RECORDS SUPPLIED.

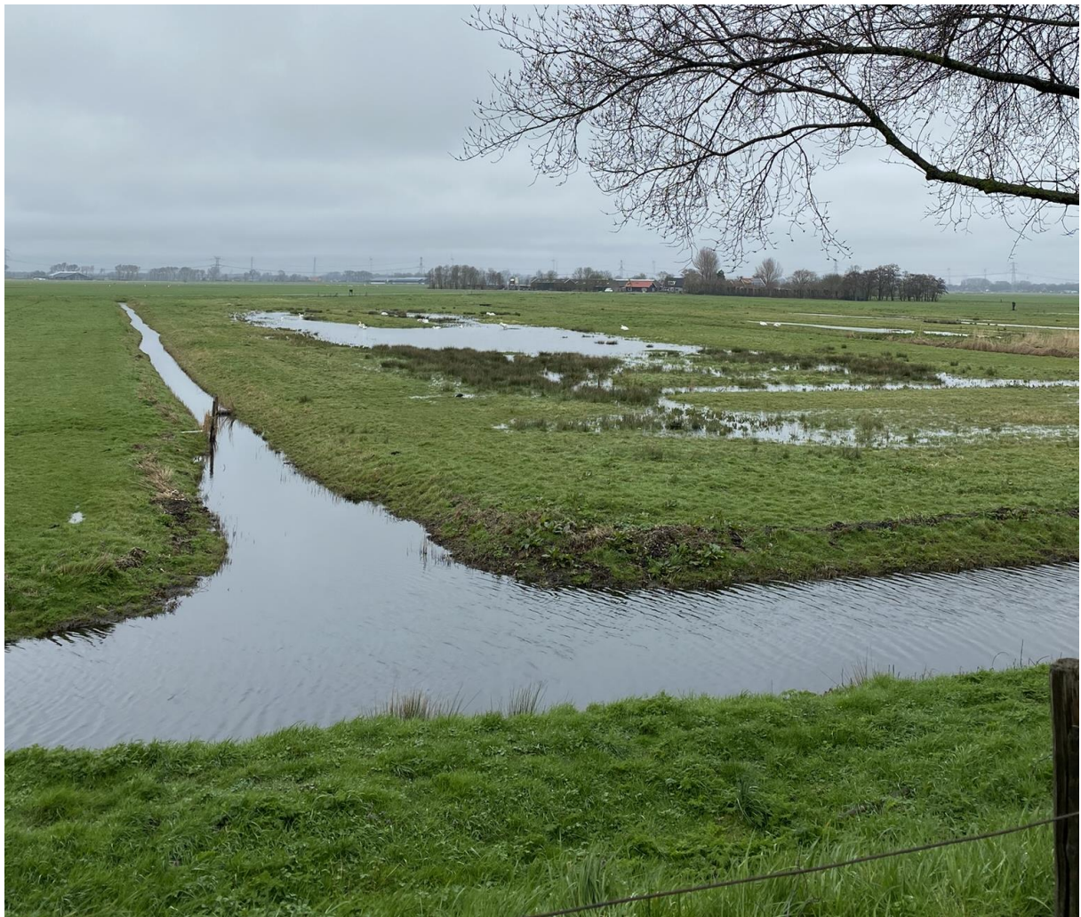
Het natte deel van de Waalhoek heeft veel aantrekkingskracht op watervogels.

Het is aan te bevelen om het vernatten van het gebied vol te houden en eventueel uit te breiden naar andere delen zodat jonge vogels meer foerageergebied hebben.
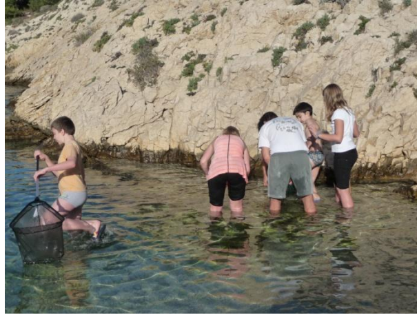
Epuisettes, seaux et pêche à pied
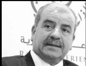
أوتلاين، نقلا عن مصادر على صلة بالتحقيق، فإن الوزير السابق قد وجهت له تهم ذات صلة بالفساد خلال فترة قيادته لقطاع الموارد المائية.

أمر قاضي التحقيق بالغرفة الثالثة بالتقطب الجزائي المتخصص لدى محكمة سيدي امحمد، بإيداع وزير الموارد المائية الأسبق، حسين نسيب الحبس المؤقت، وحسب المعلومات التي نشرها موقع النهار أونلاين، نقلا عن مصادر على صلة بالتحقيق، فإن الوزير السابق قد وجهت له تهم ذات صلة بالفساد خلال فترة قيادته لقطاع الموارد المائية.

...

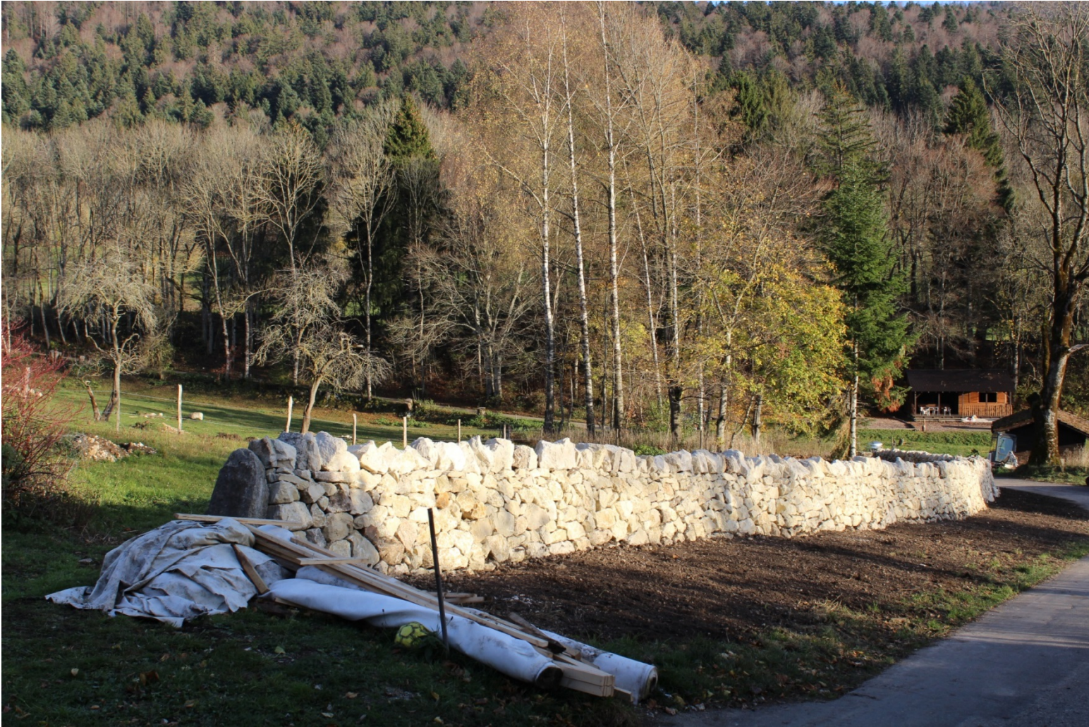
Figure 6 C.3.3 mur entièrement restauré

---

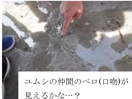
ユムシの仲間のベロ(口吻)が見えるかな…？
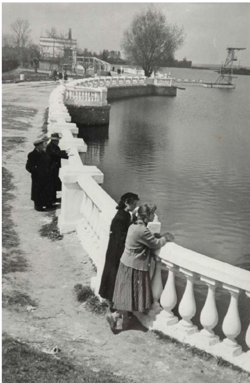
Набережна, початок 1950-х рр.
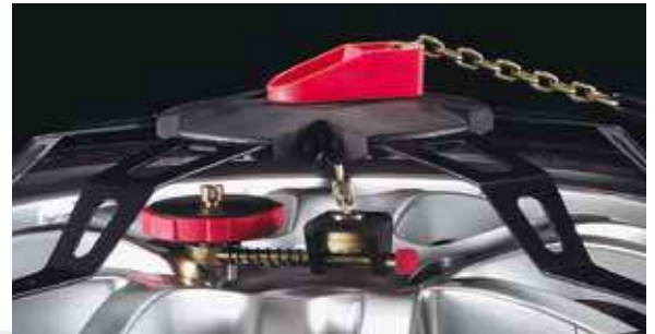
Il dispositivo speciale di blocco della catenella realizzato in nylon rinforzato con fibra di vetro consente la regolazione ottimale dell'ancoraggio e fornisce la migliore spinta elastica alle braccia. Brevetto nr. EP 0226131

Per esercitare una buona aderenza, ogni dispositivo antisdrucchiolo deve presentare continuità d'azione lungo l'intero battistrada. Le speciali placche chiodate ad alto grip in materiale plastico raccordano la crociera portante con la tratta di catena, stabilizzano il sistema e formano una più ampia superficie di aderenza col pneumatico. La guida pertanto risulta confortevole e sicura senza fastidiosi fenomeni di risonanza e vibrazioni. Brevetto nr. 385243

EXERCISE REQUIREMENTS. Look above for the line with "Het natte deel" and the line with "أوتلاين، نقلا عن", then restate exactly those two lines and all lines between them, with no pictures.

TASK OUTPUT.
Het natte deel van de Waalhoek heeft veel aantrekkingskracht op watervogels.

Het is aan te bevelen om het vernatten van het gebied vol te houden en eventueel uit te breiden naar andere delen zodat jonge vogels meer foerageergebied hebben.
Epuisettes, seaux et pêche à pied
أوتلاين، نقلا عن مصادر على صلة بالتحقيق، فإن الوزير السابق قد وجهت له تهم ذات صلة بالفساد خلال فترة قيادته لقطاع الموارد المائية.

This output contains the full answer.